Glitter has been banned from Sydney Gay and Lesbian Mardi Gras, Australia’s biggest Pride celebration.
Ahead of this year’s Mardi Gras celebration, the event organisers have launched a push to make the event glitter-free.
Speaking to the Sydney Morning Herald on Sunday (February 17) Sydney Gay and Lesbian Mardi Gras chief executive Terese Casu said: “We used to bring in about three tonnes of glitter from China.
“That goes in the gutter, it ends up in our oceans, our fish eat it, you find it in crab shells and oysters.
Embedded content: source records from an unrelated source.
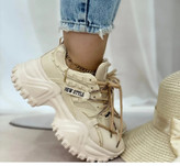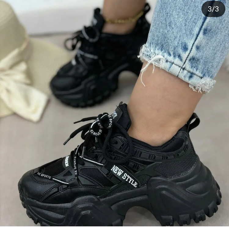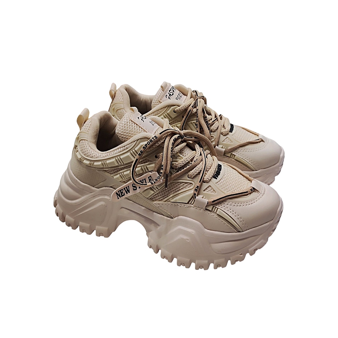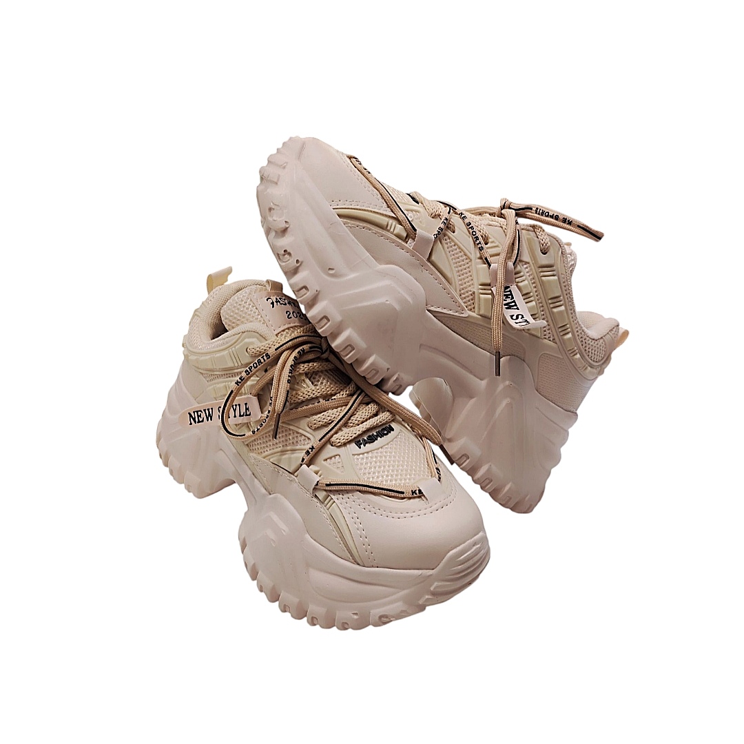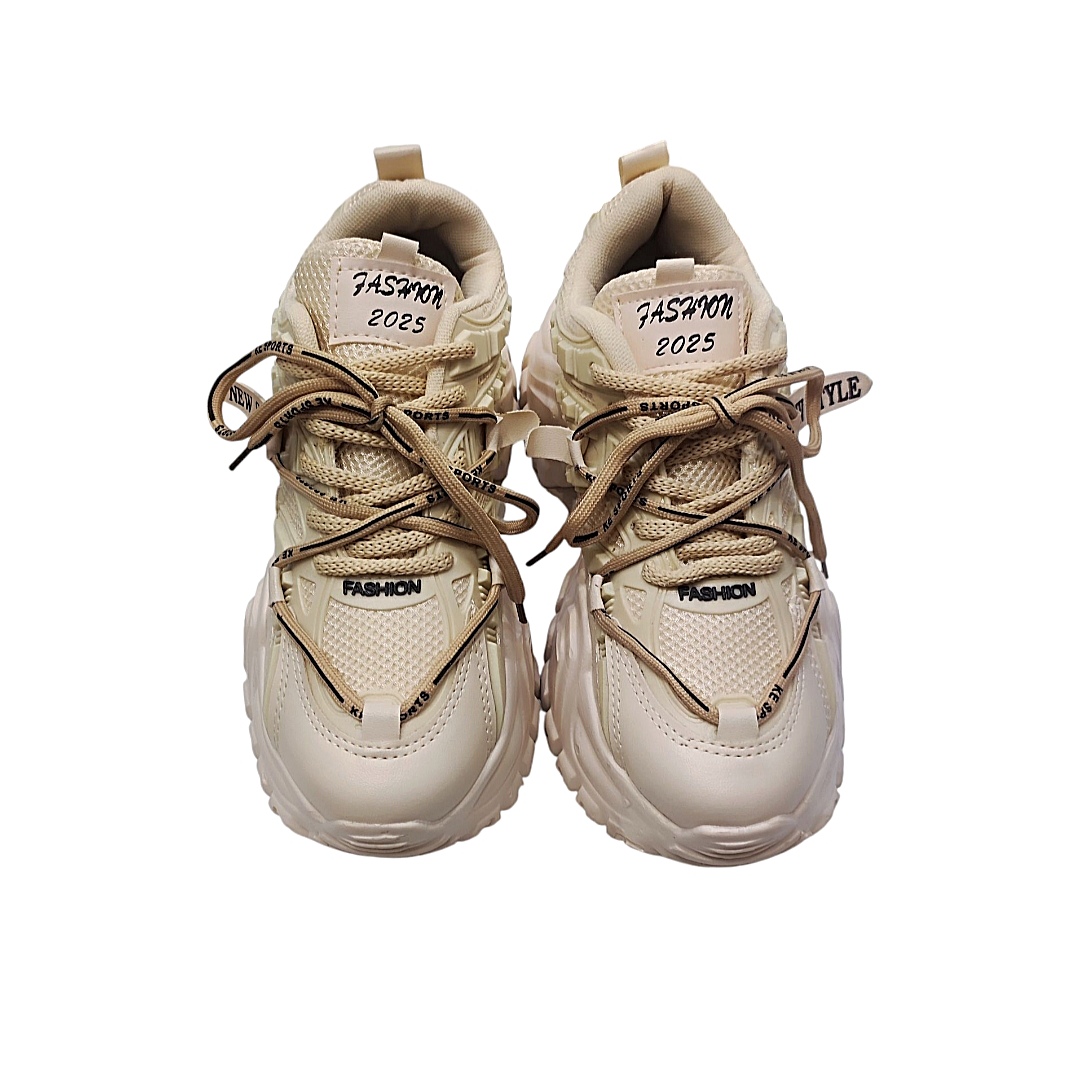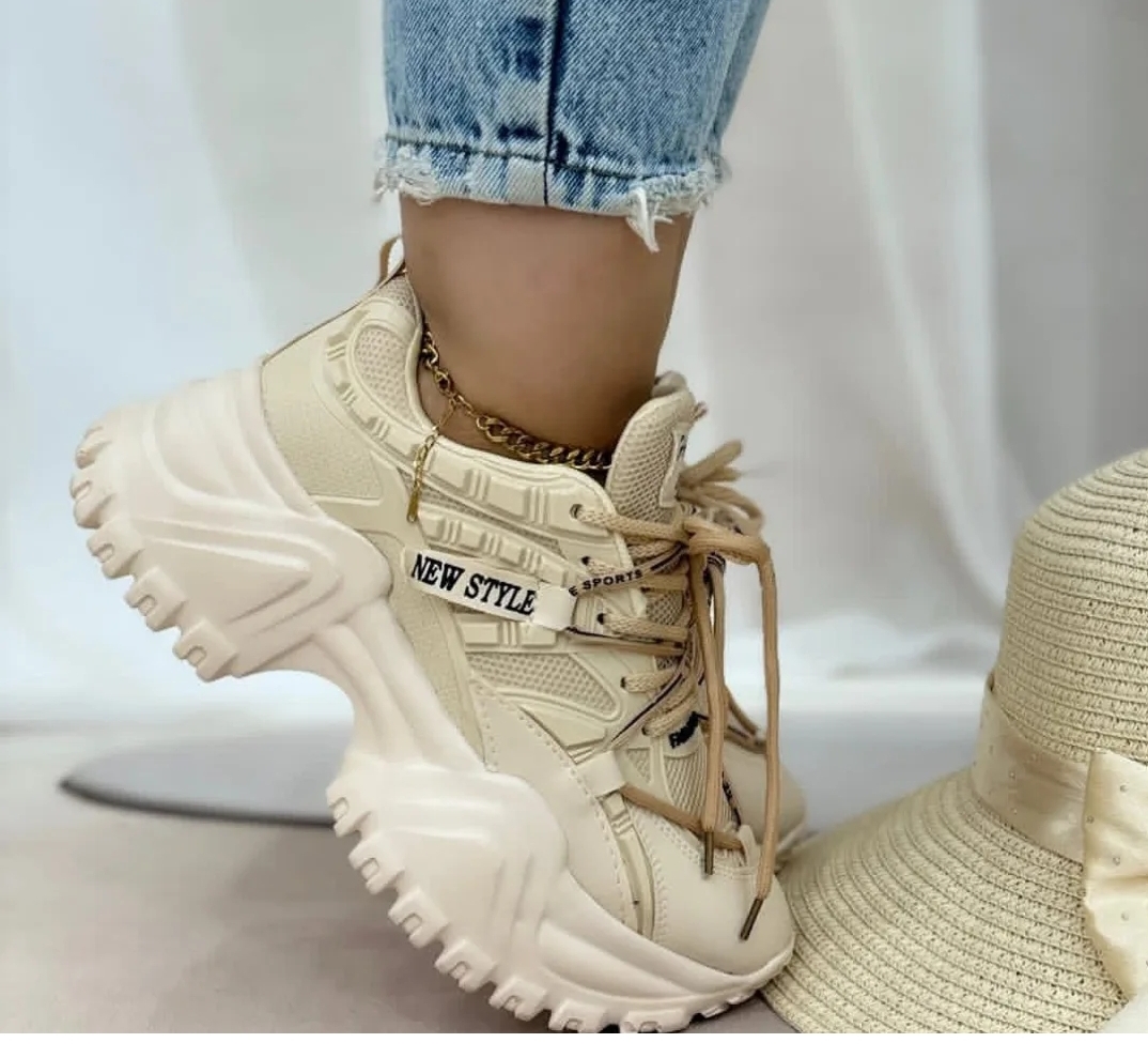 کتونی لژدار فشن اسپرت زنانه و دخترانه لژبلند زنانه و دخترانه مشکی و کرم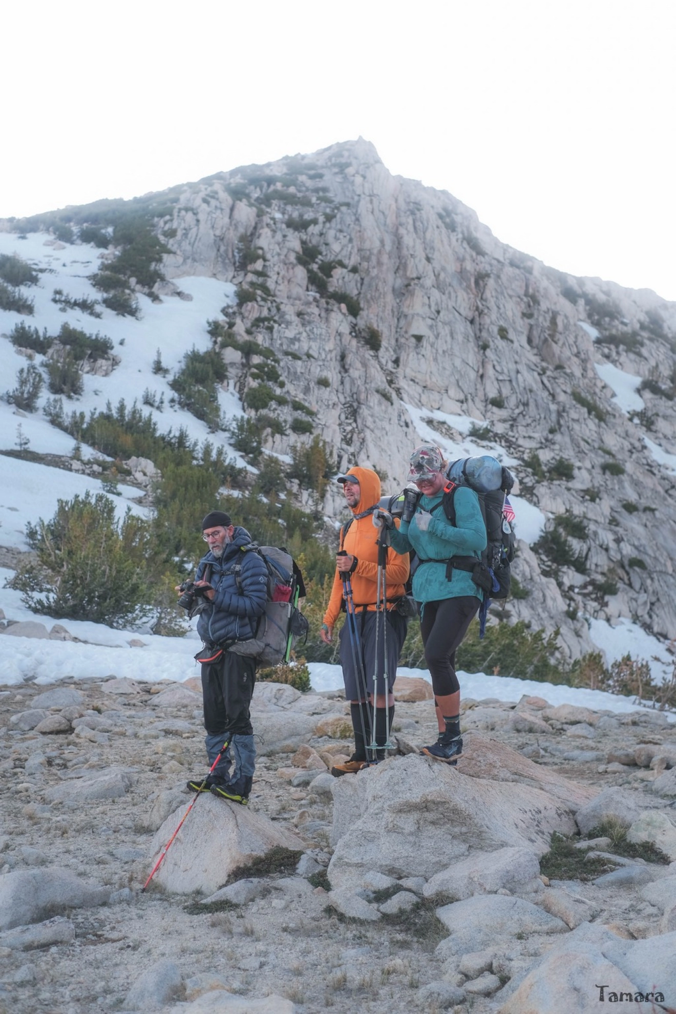 En option sur cette section, figure l’ascension du Mont Whitney. Par beau temps et neige fondue, l’ascension ne présente pas de difficulté particulière. À la période où nous arrivons au pied du Mont Whitney, la question de son ascension par le groupe ne se posera pas très longtemps. Les conditions sur les voies d’accès sont médiocres et une pratique de la marche « glaciaire » est recommandée (même s’il n’y a pas de glacier) pour progresser sur le manteau neigeux. Ce qui n’est pas le cas général des membres du groupe à l’exception d’Emgan.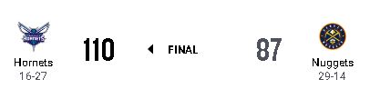 シャーロット・ホーネッツがデンバー・ナゲッツに110-87で勝利した。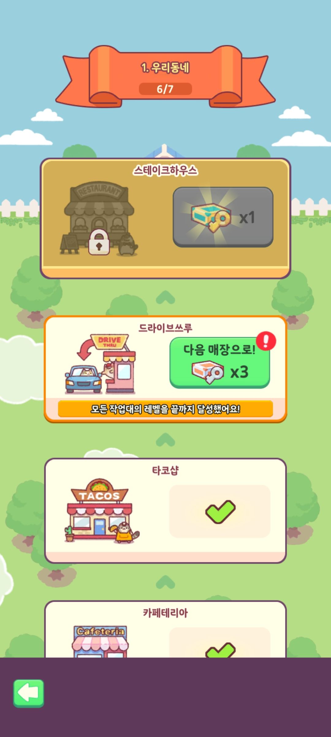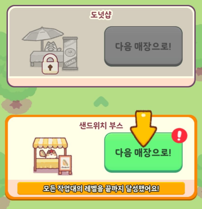 모든 작업대의 레벨을 끝까지 올리면 다음 매장으로 이동을 하게 됩니다.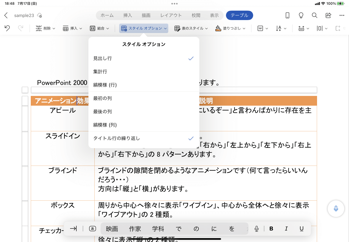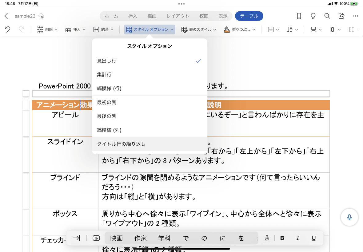 複数ページに表がまたがる場合、Excelと同じように各ページにタイトル行を挿入するには、最初の行内にカーソルを移動し、[テーブル]タブを開いて、[スタイルオプション]から[タイトル行の繰り返し]をタップします。

We must be responsible and make really urgent changes.”
Casu added: “It does make such a difference and the amount of waste we use at festivals, it’s got to stop.”
Though it is still often associated with LGBT+ events and festivals in general, glitter has fallen out of fashion after coming under fire from anti-plastic campaigners.
Glitter is made from thin sheets of plastic that are hard to recycle, and green campaigners have warned that they cause harm to the environment.
Pride floats can sparkle without glitter, Mardi Gras leaders say
Sydney Gay and Lesbian Mardi Gras workshop production manager Liz Carter is working with participants to make floats glitter-free and fabulous, using fluorescent lighting and LEDs instead of glitter to sparkle.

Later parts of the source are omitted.